# Nomenclature of Components and Parts



## jar546 (Dec 5, 2018)

One thing I found out after relocating a few years ago is that different parts of the country don't always have the same name.  What I grew up calling something is not what others call it in another area.  Here is an example:

This is a picture of a pipe hanger.  This one in particular is used for conduit so when I asked for or ordered 3/4" emt pipe hangers, this is what I got.  Technically it is a conduit hanger but up north we called it a pipe hanger.

Here in south Florida they call them Minerallac straps based on the brand Minerallac, one of the companies that makes them.  When I first heard this I had no idea what the hell they were talking about until I actually had one in my hand.  This falls in line with Pampers and Xerox.




Does anyone else have any examples of things they had to relearn when you relocated to another area?


----------



## Spector_51 (Dec 10, 2018)

Who knows what a 1900 box is?
Ever heard of non metallic conduit referred to as "Smurf tube"?


----------



## mtlogcabin (Dec 10, 2018)

From Fl to MT
Footer is a foundation
Stem wall is a foundation wall
They had no idea what CBS construction is
They never saw a tie beam


----------



## ICE (Dec 10, 2018)

Spector_51 said:


> Who knows what a 1900 box is?
> Ever heard of non metallic conduit referred to as "Smurf tube"?

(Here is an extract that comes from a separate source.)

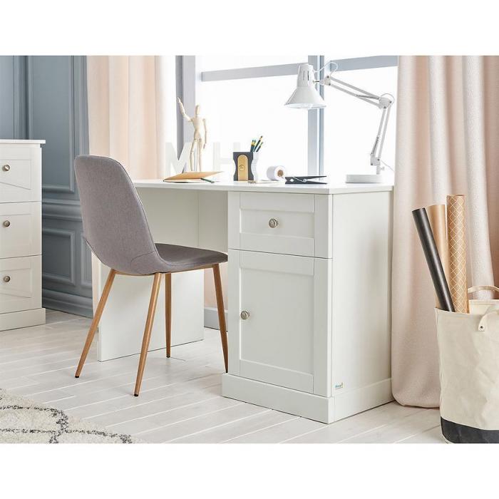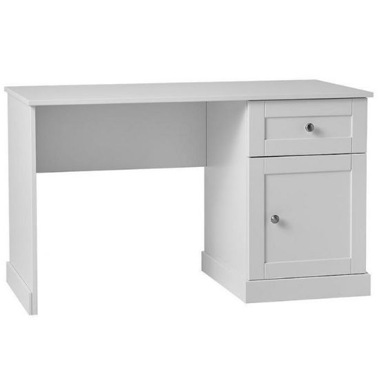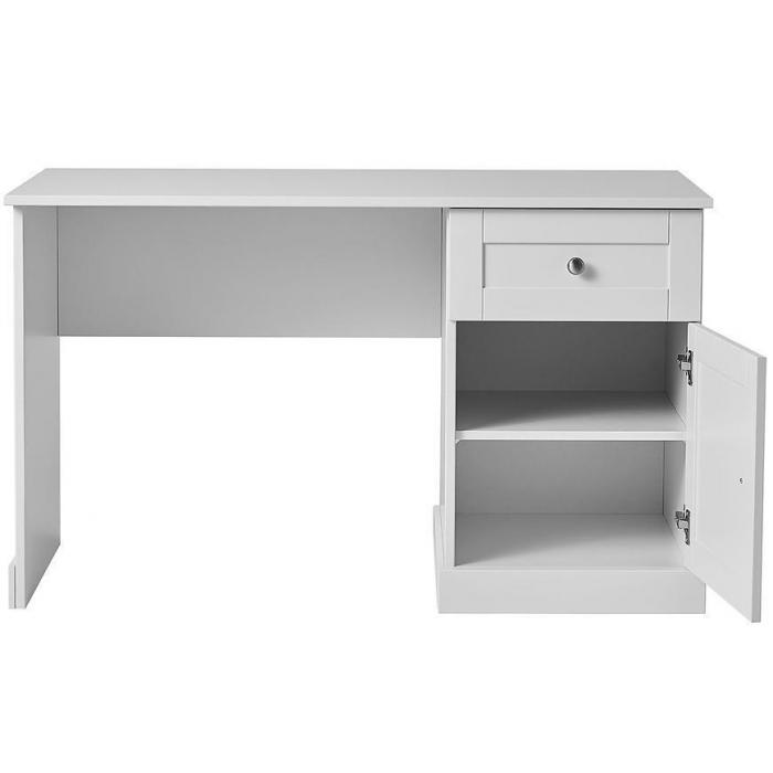 Biurko z 1 szufladą i drzwiami na wysokiej jakości prowadnicach i zawiasach z hamulcem i samodomykiem. Szafka z prawej strony (nie ma możliwości montażu z lewej). W szafce znajduje się szuflada oraz jedna półka wewnątrz z możłiwością regulacji w zakresie 0-64 mm. Materiały: malowana płyta MDF, elementy wewnętrzne – płyta laminowana.

https://www.homedepot.com/p/Carlon-...VFMRkCh1mUgEPEAQYASABEgLYQPD_BwE&gclsrc=aw.ds


----------



## jar546 (Dec 10, 2018)

Spector_51 said:


> Who knows what a 1900 box is?
> Ever heard of non metallic conduit referred to as "Smurf tube"?



LOL
1900 box is a 4" square metal box, depth to be determined
No "tube" just "smurf" around here even though most of what we use is gray.


----------